- Top: Akon Bottom: Yeeun, Yubin, Sohee, Sunye, Lim

Single by Wonder Girls featuring Akon
- Released: July 10, 2012 (U.S.)
- Recorded: 2011–2012
- Genre: Dance-pop; synthpop;
- Label: JYP Entertainment
- Songwriters: Teriy Keys, Cri$tyle, Lukas Hilbert
- Producers: Rainstone, Lukas Hilbert, Teriy Keys

Wonder Girls singles chronology
| "Like This" (2012) | "Like Money" (2012) | "I Feel You" (2015) |

Akon singles chronology
| "Chop My Money" (2012) | "Like Money" (2012) | "Play Hard" (2013) |

Music video
- "Like Money" on YouTube

= Like Money (song) =

"Like Money" is a song by South Korean girl group Wonder Girls, featuring Senegalese-American singer Akon. It was released as a digital single on July 10, 2012, and was sent to mainstream top 40 stations on September 17 of the same year. This was the group's first original English language single, and also their last.

==Background==
Prior to its release, the song was featured on their TV movie, The Wonder Girls, which aired on TeenNick.

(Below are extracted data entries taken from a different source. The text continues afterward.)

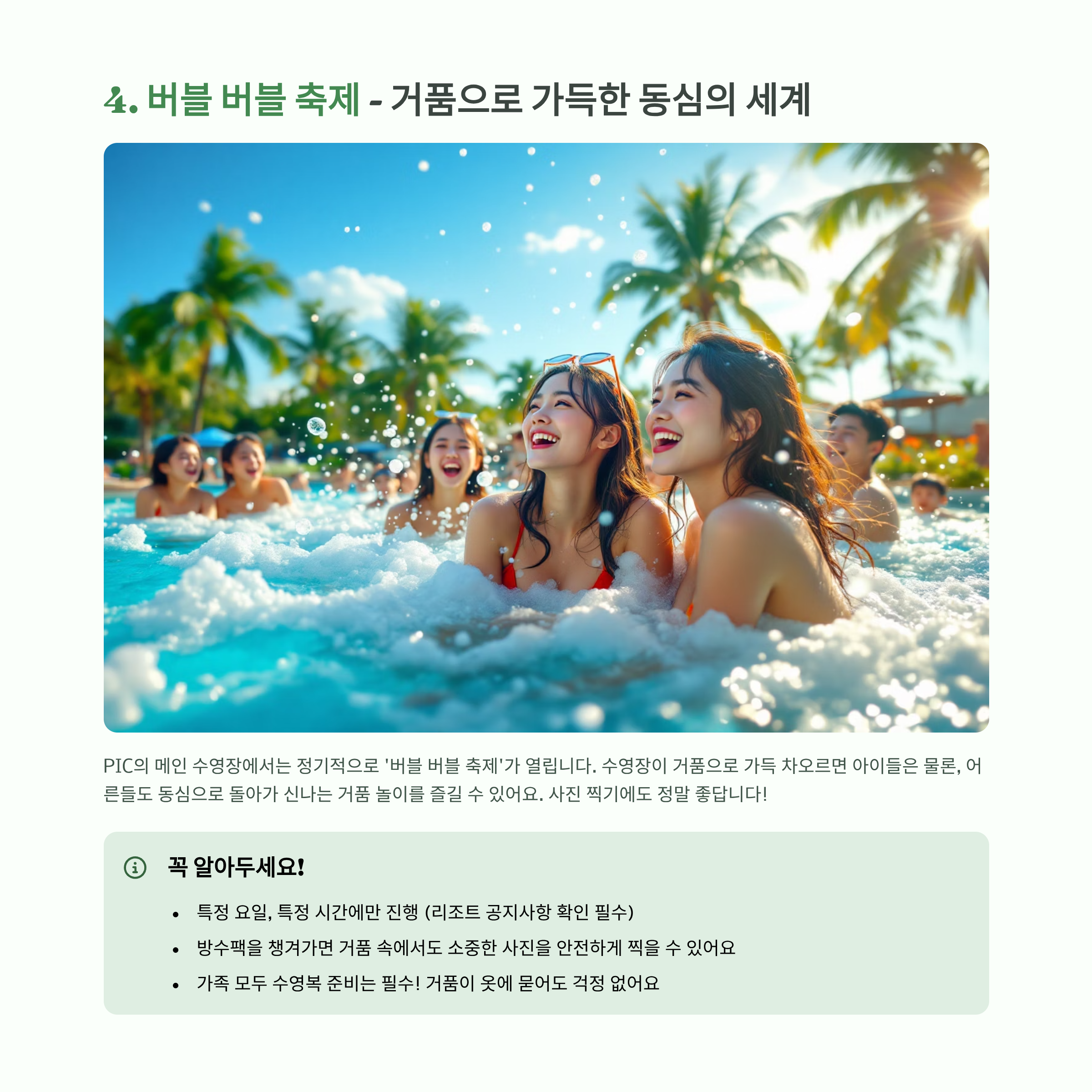 PIC의 메인 수영장에서는 정기적으로 '버블 버블 축제'가 열려요. 수영장 가득 거품이 차오르면 아이들은 물론, 어른들도 동심으로 돌아가 신나는 거품 놀이를 즐길 수 있습니다. 아름다운 배경 덕분에 사진 찍기에도 정말 좋아요.
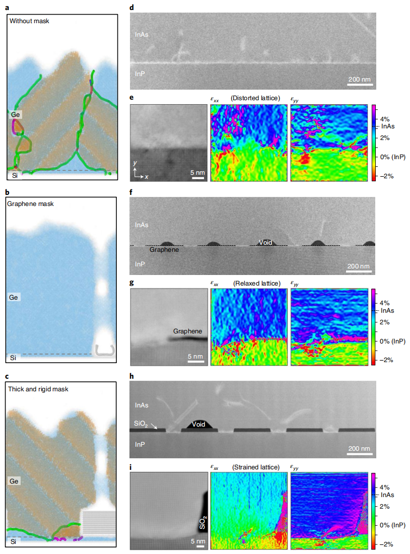 a–c、无石墨烯异质外延的MD模拟(a),薄且柔性的石墨烯掩膜(b)和厚且刚性的掩膜(c)。d,无掩模直接生长在InP上的InAs的低倍STEM图像。e,高分辨率STEM图像(左)和相应的GPA图,显示平面内(中间)和平面外(右)应变。f,生长在石墨烯图案上的InAs的低倍STEM图像。g,石墨烯边缘的高分辨率STEM图像和相应的GPA图,显示了石墨烯轻微变形的弛豫InAs膜。h,I,生长在SiO2图案上的InAs的相同数据组,显示了界面和掩模边缘处的严重应变© 2022 Spring Nature
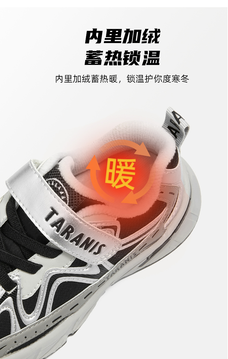 泰兰尼斯冬季2025新款小童加绒保暖运动鞋幼儿园时尚老爹鞋跑步鞋T01X5D7534
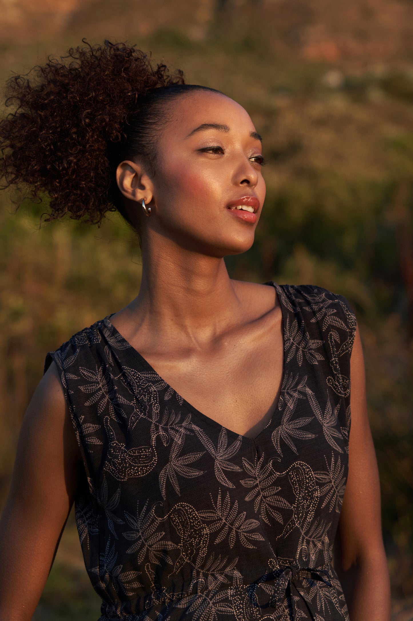 Ärmelloses Umstands- und Stillkleid aus weicher und elastischer Viskose mit Ginkgo Print, mit V-Ausschnitt und integriertem Bindegürtel. Durch diesen kannst du das Kleid flexibel an deine Silhouette anpassen, egal mit oder auch ohne Babybauch. Der schwingende Rockteil und der tiefe Rückenausschnitt machen das Kleid zu einem absolutem Sommer Favorite. Nach der Geburt erhältst du dank dem praktischen Cache-Coeur Ausschnitt einen schnellen und einfachen Stillzugang indem du die überlappenden Stofflagen beiseite schiebst.
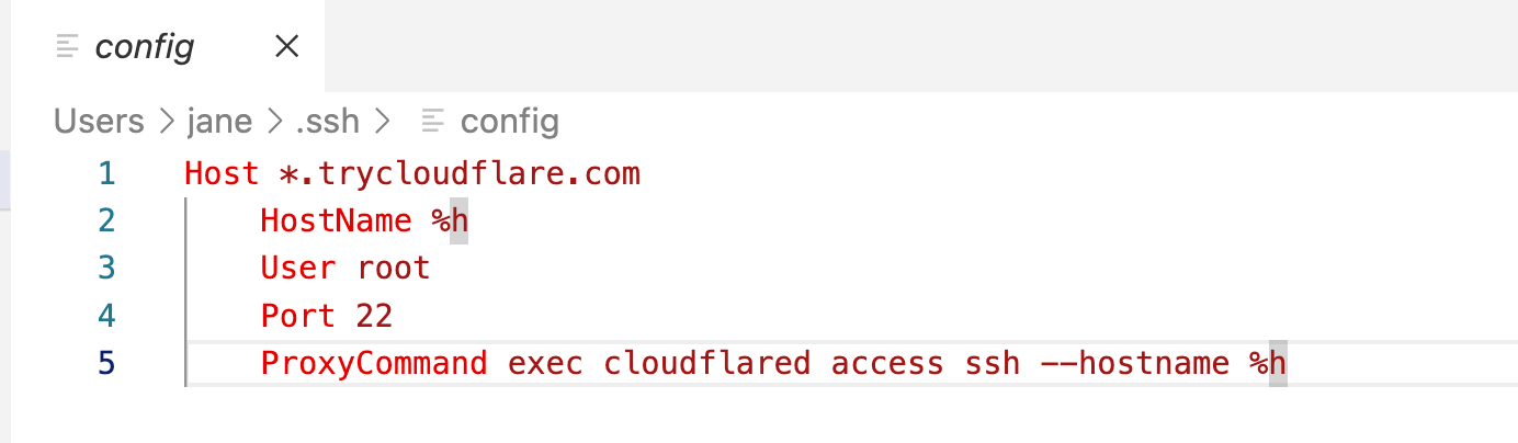 ProxyCommand exec cloudflared access ssh --hostname %h

The song was written by Cri$tyle, and Lukas Hilbert and produced by Woo S. Rhee " RAINSTONE" and Hilbert, with music by Aleksander Kronlund, Woo S. Rhee " RAINSTONE " and Lukas Hilbert with additional executive production by Teriy Keys. The choreography was created by Jonte' Moaning, who previously created the choreography for "The DJ is Mine" and "Be My Baby".

==Release and promotion==
On July 4, 2012 the first teaser for the music video of "Like Money" was released, showcasing a "space" concept.

JYPE revealed that a special artist would be collaborating with the girls on the song who had amassed over 40 million likes on Facebook. A teaser released on July 6 confirmed the featuring artist to be Akon. In addition, Johnny Wujek was revealed as the stylist for the video.

The first live performances of the song took place at the Green Groove Festival 2012 on July 21 and at Chungcheongnam-do’s Boryeung seaside on July 22.

==Critical reception==
Han Dong-yoon of IZM gave "Like Money" a negative review, feeling that the song was generic and "followed a mediocre framework of electropop".

==Track listing==

| No. | Title | Lyrics | Music | Length |
|---|---|---|---|---|
| 1. | "Like Money (featuring Akon)" | Cri$tyle, Lukas Hilbert, Tery Keys | Lukas Hilbert, Woo S. Rhee " RAINSTONE" | 3:30 |

==Charts==

In its first week of release the song debuted at number 11 in South Korea with 161,542 downloads. By the end of August 2012 the song was downloaded 583,737 times in South Korea alone, making the song one of the best-selling English-language songs of the year in Korea.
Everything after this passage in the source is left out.